Date on Master's Thesis/Doctoral Dissertation

5-2020

Document Type

Master's Thesis

Degree Name

M. Eng.

Department

Chemical Engineering

Degree Program

JB Speed School of Engineering

Committee Chair

Willing, Gerold

Committee Member

Ghorbanian, Mahyar

Committee Member

Rockaway, Thomas

Author's Keywords

Selenium Speciation; IC-ICP-MS; HG-ICP-AES; WFGD Process Water; Selenite; Selenate

Abstract

During coal-fired electric power production, coal bound elemental selenium is released into the gas phase and oxidized to selenite and selenate in the wet flue gas desulfurization (WFGD) unit. Selenite and selenate solubilize in the WFGD process water.
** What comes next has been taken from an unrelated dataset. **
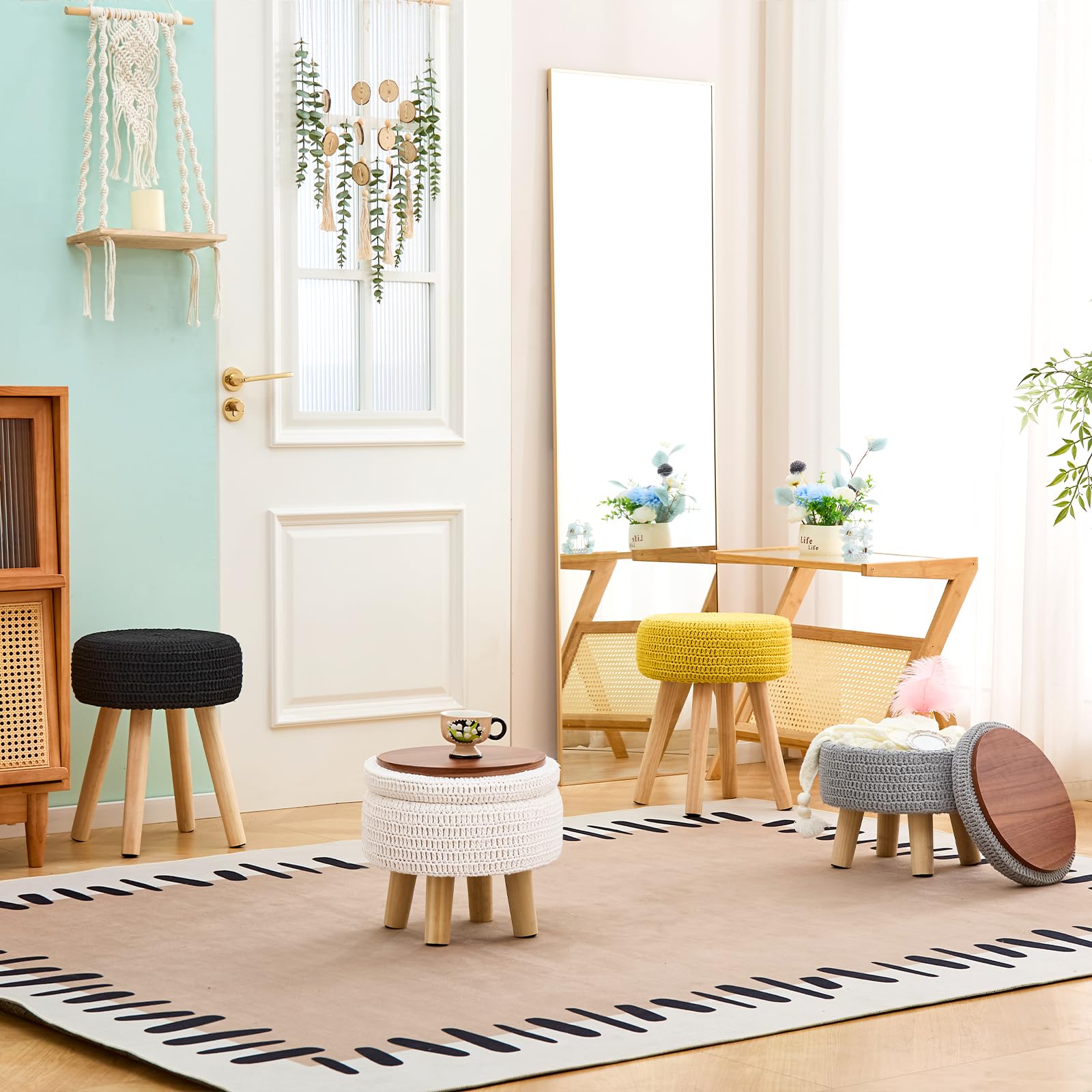 • Many Colors to Choice: These small stools come in a wide variety of colors for your convenience. Gray, Black, Yellow, Cream and more. Each one is as stunning as the last. Different color stools create different breath for your home decor, such as Bohemian, Mediterranean, and Rustic styles

A process water system at a coal fired power plant contributes to environmental regulation compliance by removing the selenium species from WFGD process water. A selenium speciation method was developed for the purpose of better monitoring the selenium species present in the “treated” process water and to aid the process water system in meeting compliance with the Environmental Protection Agency’s Effluent Limitation Guidelines (ELG). The two species, selenite and selenate are removed from the process water through different mechanisms.
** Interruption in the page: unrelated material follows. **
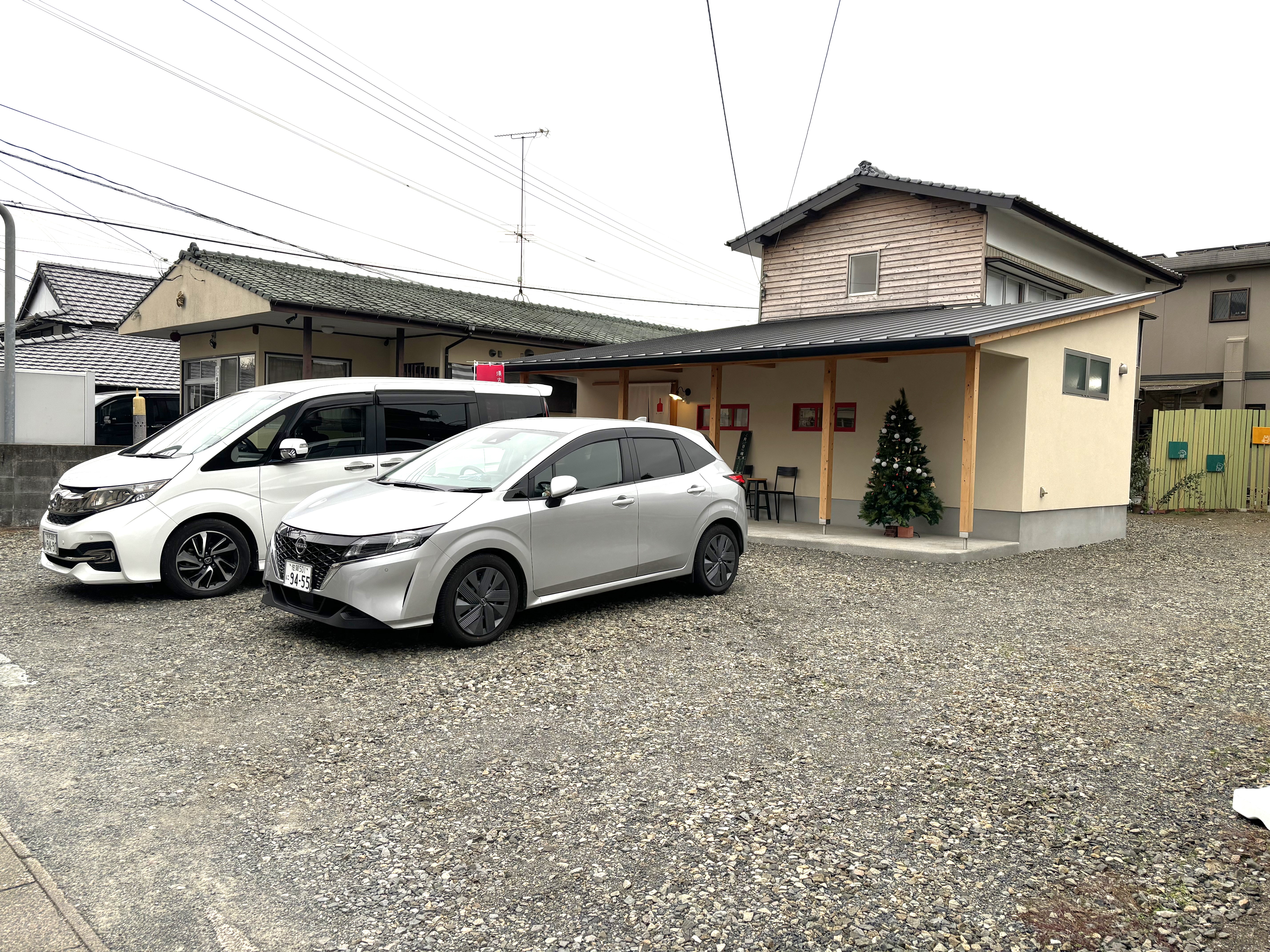 駐車場は敷地内に6台とめれます。店舗前と店舗横に縦列でおとめください。

Two methods for determining the concentration of the selenium species, selenite and selenate, in coal-fired power plant WFGD process water were developed utilizing Ion Chromatography Inductively Coupled Plasma Mass Spectroscopy (IC-ICP-MS) and Hydride Generation Inductively Coupled Plasma Atomic Emission Spectroscopy (HG-ICP-AES) equipment. WFGD process water from three coal fired plants with wet limestone, forced oxidation WFGD units were separated and quantified.

The IC-ICP-MS selenium speciation method separated the selenite and selenate in the IC and quantified each species in the ICP-MS. For WFGD process water effluent samples with a 10x dilution, the average percent selenite was 48.9%, the average percent selenate was 55.8%, and the average percent total inorganic selenium recovery was 104.7%.
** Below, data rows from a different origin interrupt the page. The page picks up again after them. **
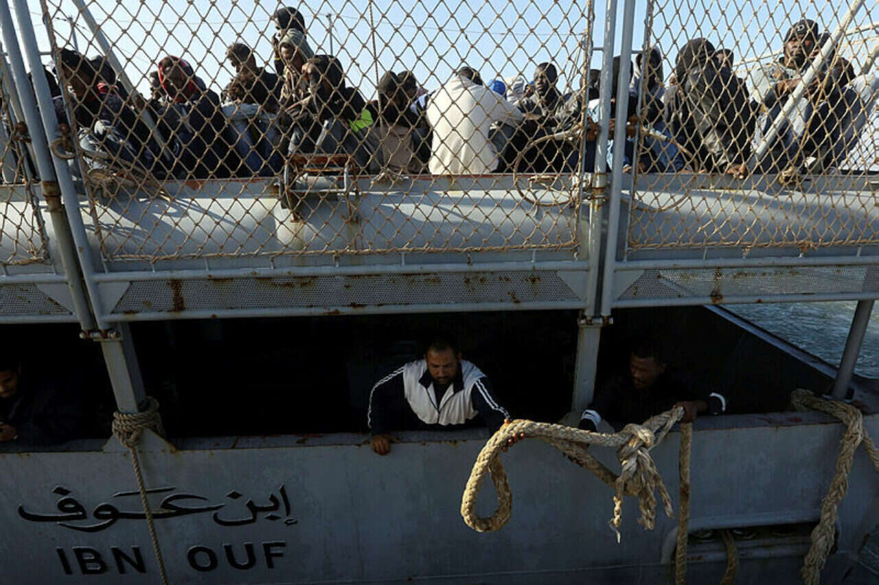 מהגרים שניסו להימלט מאפריקה על סירת משמר החופים הלובי // צילום: אי.אף.פי
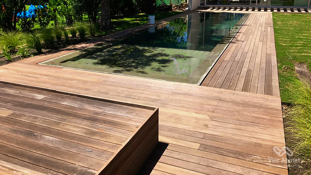 Fuimos convocados por el Estudio Parra para dar forma a la fabricación e instalación de decks en madera lapacho al natural antideslizante, y trabajos de revestimientos también en madera lapacho macizo, conservado al natural.
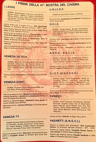- ↑ «Premi 41. Mostra Internazionale del Cinema». sicvenezia.it. Consultado el 1 de abril de 2018.

The HG-ICP-AES fractionation method quantified selenium by forming a volatile hydride in the HG and quantified the result in the ICP-AES. The samples required the reduction of selenate to selenite in 10 M HCl with one hour of reduction time. The mock samples and WFGD process water sample overreported the amount of total inorganic selenium present in the sample by approximately 30%.

Going forward the IC-ICP-MS method can be improved to separate and quantify other selenium species that might be present in WFGD process water. The HG-ICP-AES method is limited to determining the concentration of selenite and selenate, however, can still be useful for process water systems that only deal with selenite and selenate removal.